Web application for recognizing and managing data from Slovak invoices.
This web application provides the recognition and management of Slovak invoices. Users can upload invoices to the platform where they can apply various pre-processing methods to optimize OCR results. Users can then choose from available OCR methods such as Tesseract or PaddleOCR for text recognition.
From the recognized text, the application extracts important information that users can further manipulate according to their needs. The app also allows you to create organizations where invoices can be shared between multiple users. This comprehensive and user-friendly system streamlines invoice processing, saves time and increases accuracy.
List of features included in the application.

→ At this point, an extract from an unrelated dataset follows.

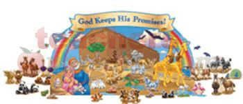 This bulletin board set includes: an ark scene, assembled approx. 50 inches x 24 inches; 25 die-cut animals; a God Keeps His Promises! banner; and an activity guide.
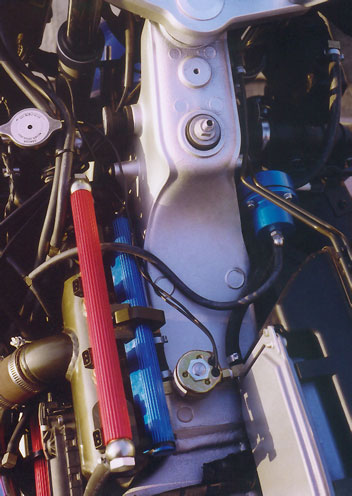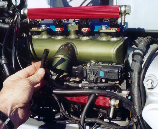The fuel bypass or return line to the tank has been extended with a short piece of fuel injection line and two extra clamps. The feed line which comes from the rear of the upper or secondary injector rail is routed to the side of the regulator. The nipple on the top of the regulator will be attached to the vacuum/boost lines that are connected to the area beneath the four butteflies in the throttle bodies.

- Recognize and extract information from invoices in image or PDF format
- User registration and authentication
- The system allows users to choose preprocessing and OCR methods
- The system can extract important information from invoices, at least VAT number, IBAN, SWIFT, amount to be paid
- The system can store and store invoice information in the database
- The system enables searching and filtering invoices based on extracting data from invoices
- Ability to view, edit, and delete recognized invoices
Invoice OCR App is built with the following technologies:
- Python: For backend server development
- Flask: Manages the backend server
- React: Powers the frontend user interface
- OpenCV: Handles invoice image preprocessing
- Tesseract OCR & PaddleOCR: Handles text recognition from invoices
- PostgreSQL: Database for storing invoice details and user data
- Docker: Ensures smooth setup through containerization
Here are the steps to get this application up and running:
-
Clone the repository
git clone https://github.com/MatKollar/Invoice_OCR_app.git
-
Navigate into the project directory
cd Invoice_OCR_app
-
Build the Docker image
docker-compose build
-
Run the Docker container
docker-compose up -d
-
The application should now be running at http://localhost:3000
-
After initialization, an admin user is automatically created with login e-mail and password: admin, admin.
- Implementation of NER (Named Entity Recognition) for data extraction
- Support more language models
- Data extraction support for international invoices